Isabelle Pinard
Reporter
Everyone cleared the decks and lit the lights as senior Marisa Conroy stormed on stage playing the relentless stage mother Madam Rose in the school’s production of the Broadway musical Gypsy last month.
“Marisa has a lot of skills that you normally don’t see in a 17-year-old high school student,” said music teacher Billy Philadelphia. “She has confidence and does a lot of work on and off the stage.”
Conroy started acting at the age of seven at Kids Stock, a summer camp that gives children a chance to enhance their acting abilities. Conroy says there she immediately fell in love with the performing arts.
“It was a great release from school and was a real confidence builder,” said Conroy.
Conroy performs in the musicals and plays in school and as well as participates in the Young People’s Teen Musical Theater Company sponsored by the San Francisco Recreation & Parks Department.
“Acting is like a game,” said Conroy. “I wanted to see how good I can get so I never stop trying to be better.”
Aside from acting and drama, Conroy works with different styles of art. This past summer Conroy worked with other students who do not have art programs in their schools at the Mural Music & Arts Project.
“It was a project where I could reach out to other people through my art work and it was interesting to see how different other people’s lives were,” said Conroy.
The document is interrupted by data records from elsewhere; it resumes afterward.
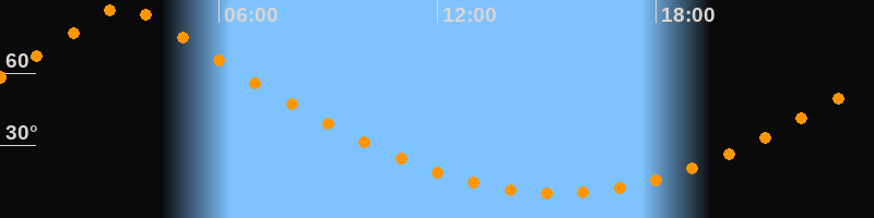 | Höchster Stand (Kulmination) | 03:23 Uhr (h = 88,8°) |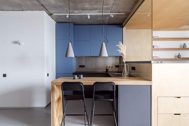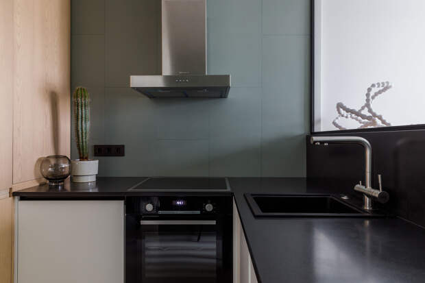 Если ваша кухня небольшая по площади, минималистичный стиль позволит сделать ее максимально функциональной и комфортной. Чтобы создать п-образную кухню на маленькой площади для нашего клиента, особое внимание мы уделили мебельной композиции, которая состоит из двух частей — встроенной и отдельной рабочей столешницы. “Остров” является встроенной частью кухни и предназначен для размещения техники и оборудования, что позволяет не загромождать открытую рабочую зону.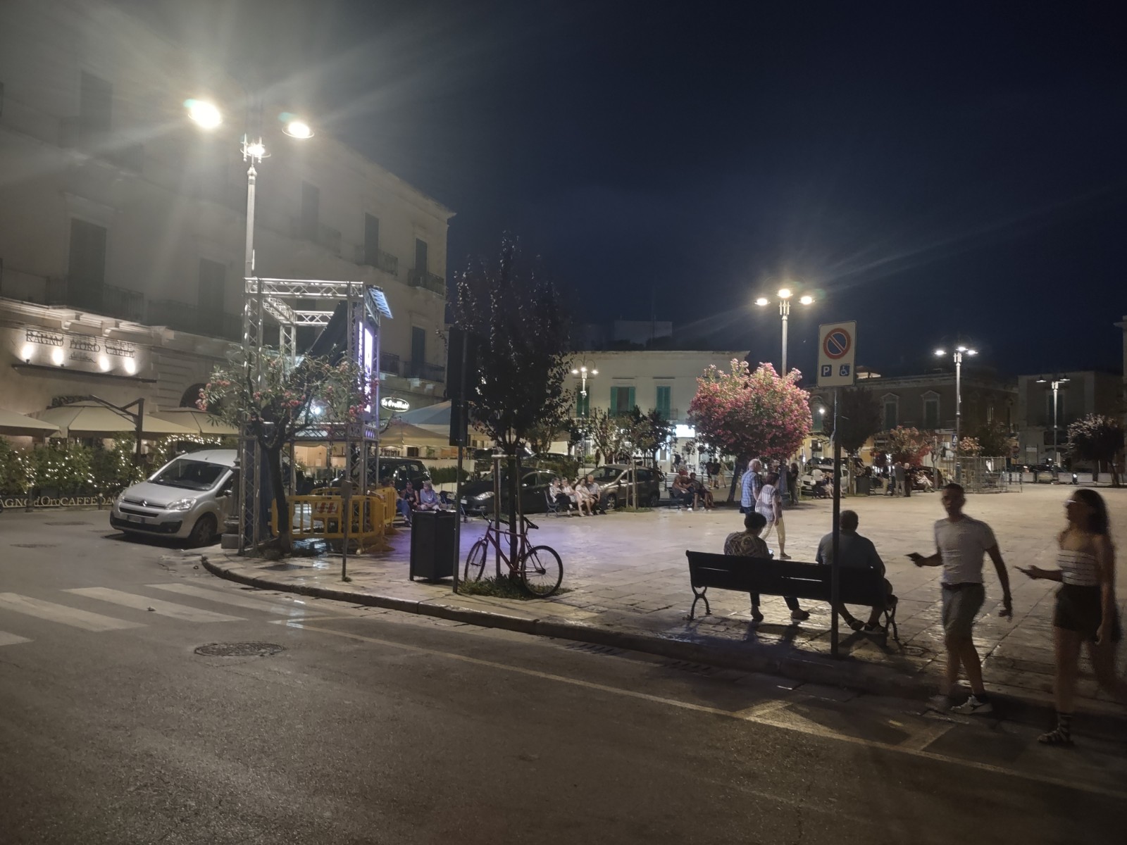At night, while the harbor and seaside remain active, things pick up one block south in the town’s square, the Piazza Vittorio Emanuele II, a large trapezoidal square with a beautiful fountain of Triton in the center of its wide end. The town square is overseen by the Church of San Domenico on one side and municipal buildings on the other, with shops, restaurants, gelateria, and upper story apartments scattered in between. In the evening it seemed like most of the town was out sitting or strolling the square or eating and drinking on its perimeter.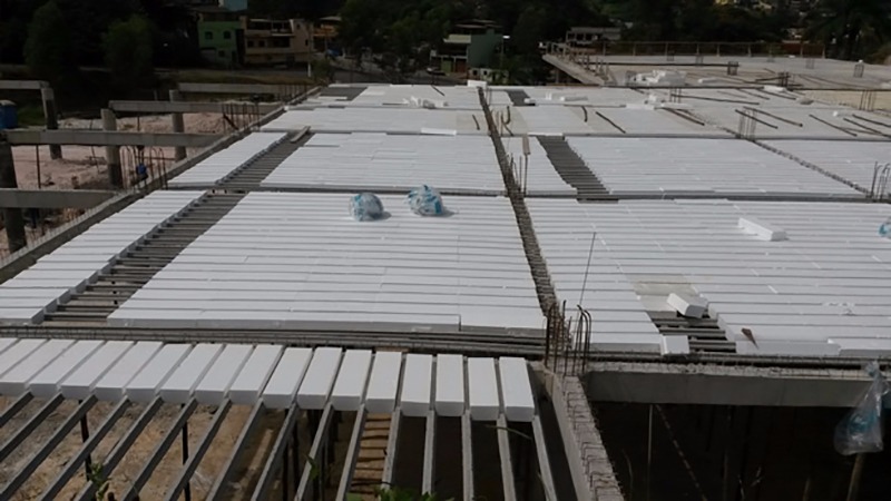 São chamadas de pré-moldadas protendidas porque sua montagem é feita através de viguetas de concreto pré-moldadas, espaçadas por lajotas cerâmicas ou E.P.S. (isopor) e capeadas com uma camada de concreto.

Conroy has also been organizing Women with a Voice, an AP studio art class project about how women have been involved in the world and made changes.
“I want to show people what women have been doing for this world through my art work,” said Conroy.
Her skill in performing arts allows Conroy to express herself by using her artwork to send messages to the audience.
“Through visual arts you can put your own personal twist on an object and everyday things and through the performing arts you can put a twist on the character that you are given to play, so that you can show a little bit of yourself in the things you do,” said Conroy.